50g white fish fillets, skinned

1 large green chilli, chopped

2 cm piece of fresh ginger root, chopped

6-8 garlic cloves, chopped

2 tbsp chopped fresh coriander

1 tsp salt

1 tbsp lemon juice

1 egg

2 slices of white bread, soaked in water for a few seconds, then squeezed out thoroughly

For the Tamota Ni Gravy

2-3 tbsp oil

2 pieces of cinnamon stick

2 large dried red chillies, broken into 3-4 pieces each

2 small to medium onions, finely chopped

1 heaped tbsp ginger / garlic paste

5 tomatoes, chopped, or 400g can of chopped tomatoes

1 tbsp malt vinegar

1 tbsp grated jaggery

1 ½ tsp prepared tamarind pulp or paste, or 1 ½ tsp concentrate


For frying the fish cakes

100 g plain flour

2-3 eggs



1 First make the sauce. Heat the oil in a casserole, add the cinnamon sticks and sauté until swollen and deep brown in colour but not burnt. Add the chillies and cook for 15-20 seconds, then add the onions. Sauté until they are softened but not browned. Add the ginger/ garlic paste and sauté for a further minute or so, and then stir in the tomatoes. Add the vinegar, jaggery and tamarind, if using, then cover and simmer for 15-20 minutes, stirring occasionally, until thick and sauce like. Taste and add salt if necessary.

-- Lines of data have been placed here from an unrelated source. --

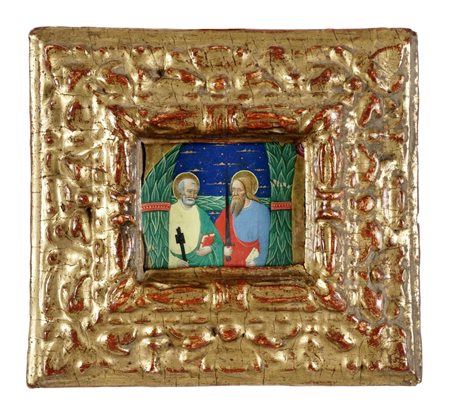 Capolettera miniato lettera N con i santi Pietro e Paolo. XIV secolo. Tempera...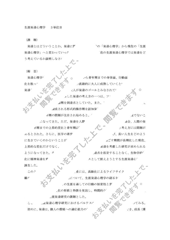 生涯発達心理学の3単位目の合格レポートです。発達に関する心理学が昔の「発達心理学」から現在の「生涯発達心理学」へと変わっていった経緯を踏まえ、現在の生涯発達心理学における発達の考え方についてまとめられておりレポート作成の参考になると思います。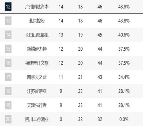 至于江蘇、天津這輪也都輸球了,他們落后第12還有5個勝場,基本上沒什么希望了。四川則是32連敗了。

2 Next prepare the fish cakes. Put all ingredients in a food processor and process until well combined. Taste and add more salt if necessary. (If you prefer not to taste the raw mixture, fry a small piece and taste it. Don’t make the fish cakes until you have approved the taste for yourself).

3 Divide the mixture into 8 balls. Spread the flour out in a tray big enough to hold all the fish cakes. Beat the eggs thoroughly in a shallow bowl or soup plate. Pour enough oil into the frying pan to fill it to a depth of about 5 mm and set it o0ver a medium heat. Flatten each ball to about 1-1.5cm thick, smoothing the edges so they are not jagged or uneven. Dip each fish cake into the flour, then the egg, allowing excess egg to run off, and then place in the hot oil. Raise the heat if the oil begins to foam. If you want the fish cakes to have a frilly appearance, make sure the eggs are well beaten and fry the fish cakes strait away. Fry for a few minutes, turning once, until golden brown on both sides, then transfer to a tray lined with kitchen paper to drain.

4 Serve with tomato sauce. The fish cakes cxan also be eaten cold, stuffed in small bread rolls as a snack.